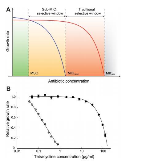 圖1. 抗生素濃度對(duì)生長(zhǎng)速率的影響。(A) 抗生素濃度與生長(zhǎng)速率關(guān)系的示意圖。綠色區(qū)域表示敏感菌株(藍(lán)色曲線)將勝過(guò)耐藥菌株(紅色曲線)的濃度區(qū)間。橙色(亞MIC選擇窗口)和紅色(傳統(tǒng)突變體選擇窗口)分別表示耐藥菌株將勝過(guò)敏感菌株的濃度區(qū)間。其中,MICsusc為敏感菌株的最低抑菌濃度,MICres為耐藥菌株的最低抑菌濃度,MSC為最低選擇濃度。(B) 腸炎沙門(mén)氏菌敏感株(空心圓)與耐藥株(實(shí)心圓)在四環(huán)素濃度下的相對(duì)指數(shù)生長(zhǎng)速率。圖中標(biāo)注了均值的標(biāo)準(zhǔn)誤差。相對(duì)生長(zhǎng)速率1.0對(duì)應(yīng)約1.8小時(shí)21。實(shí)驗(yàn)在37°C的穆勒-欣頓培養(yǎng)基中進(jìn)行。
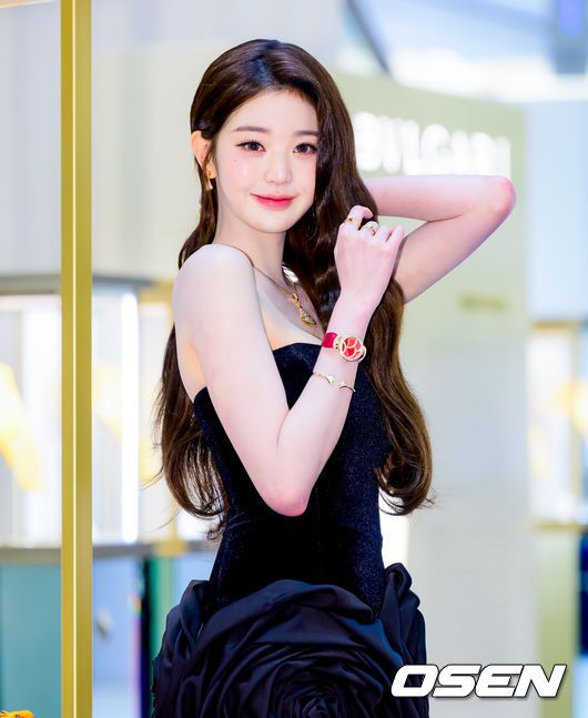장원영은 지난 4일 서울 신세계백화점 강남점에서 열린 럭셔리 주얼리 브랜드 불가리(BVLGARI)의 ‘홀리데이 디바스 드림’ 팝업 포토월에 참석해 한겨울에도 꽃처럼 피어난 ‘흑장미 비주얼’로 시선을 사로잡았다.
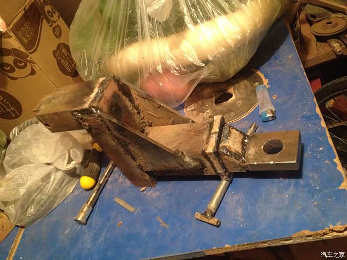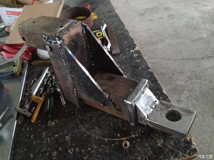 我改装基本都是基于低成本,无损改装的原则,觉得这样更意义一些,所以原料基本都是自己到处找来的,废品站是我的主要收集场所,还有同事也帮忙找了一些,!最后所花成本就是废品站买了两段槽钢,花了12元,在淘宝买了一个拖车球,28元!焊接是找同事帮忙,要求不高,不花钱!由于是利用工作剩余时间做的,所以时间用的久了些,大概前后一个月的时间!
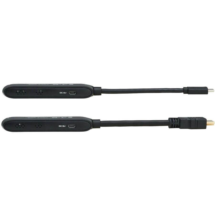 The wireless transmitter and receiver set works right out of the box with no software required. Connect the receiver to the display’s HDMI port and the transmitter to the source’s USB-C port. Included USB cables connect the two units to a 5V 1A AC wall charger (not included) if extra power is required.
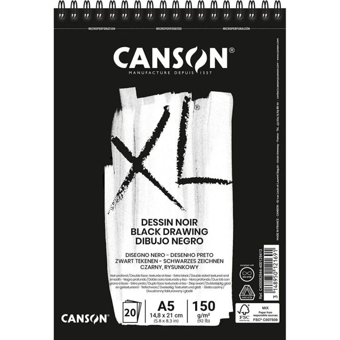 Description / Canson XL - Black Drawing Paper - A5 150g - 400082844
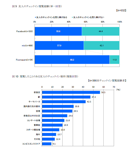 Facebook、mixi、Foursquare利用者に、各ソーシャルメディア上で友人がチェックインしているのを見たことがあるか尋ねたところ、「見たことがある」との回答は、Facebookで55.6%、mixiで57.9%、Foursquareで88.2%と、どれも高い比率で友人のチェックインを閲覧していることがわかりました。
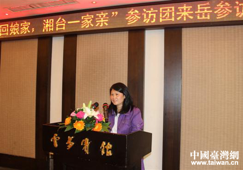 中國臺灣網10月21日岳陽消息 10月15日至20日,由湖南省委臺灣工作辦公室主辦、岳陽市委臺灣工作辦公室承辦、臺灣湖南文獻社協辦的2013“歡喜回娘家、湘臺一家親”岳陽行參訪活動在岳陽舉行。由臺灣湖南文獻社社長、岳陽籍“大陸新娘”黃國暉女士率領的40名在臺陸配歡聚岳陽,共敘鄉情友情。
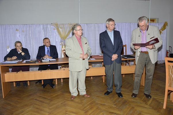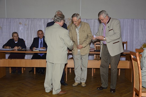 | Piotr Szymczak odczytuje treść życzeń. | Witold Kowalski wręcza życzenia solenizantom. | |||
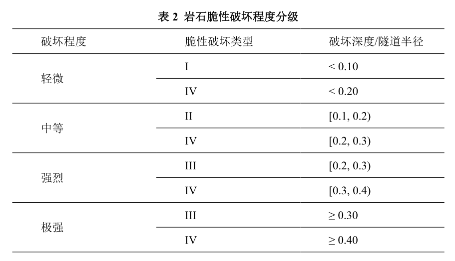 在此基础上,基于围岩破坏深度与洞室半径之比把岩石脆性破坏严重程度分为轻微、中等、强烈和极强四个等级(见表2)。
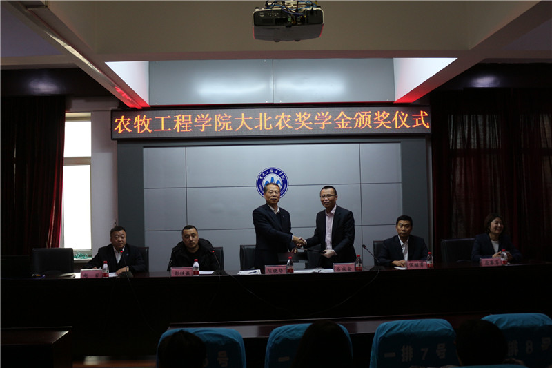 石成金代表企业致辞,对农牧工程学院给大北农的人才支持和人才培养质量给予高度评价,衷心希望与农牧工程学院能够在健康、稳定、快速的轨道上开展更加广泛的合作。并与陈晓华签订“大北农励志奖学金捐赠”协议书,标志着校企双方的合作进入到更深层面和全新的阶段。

__WHAT TO WORK ON__
Skip the pictures and print exactly the lines from the one containing "solenizantom. | |||" through the end of the records above.

__WRITTEN ANSWER__
 | Piotr Szymczak odczytuje treść życzeń. | Witold Kowalski wręcza życzenia solenizantom. | |||
 在此基础上,基于围岩破坏深度与洞室半径之比把岩石脆性破坏严重程度分为轻微、中等、强烈和极强四个等级(见表2)。
 石成金代表企业致辞,对农牧工程学院给大北农的人才支持和人才培养质量给予高度评价,衷心希望与农牧工程学院能够在健康、稳定、快速的轨道上开展更加广泛的合作。并与陈晓华签订“大北农励志奖学金捐赠”协议书,标志着校企双方的合作进入到更深层面和全新的阶段。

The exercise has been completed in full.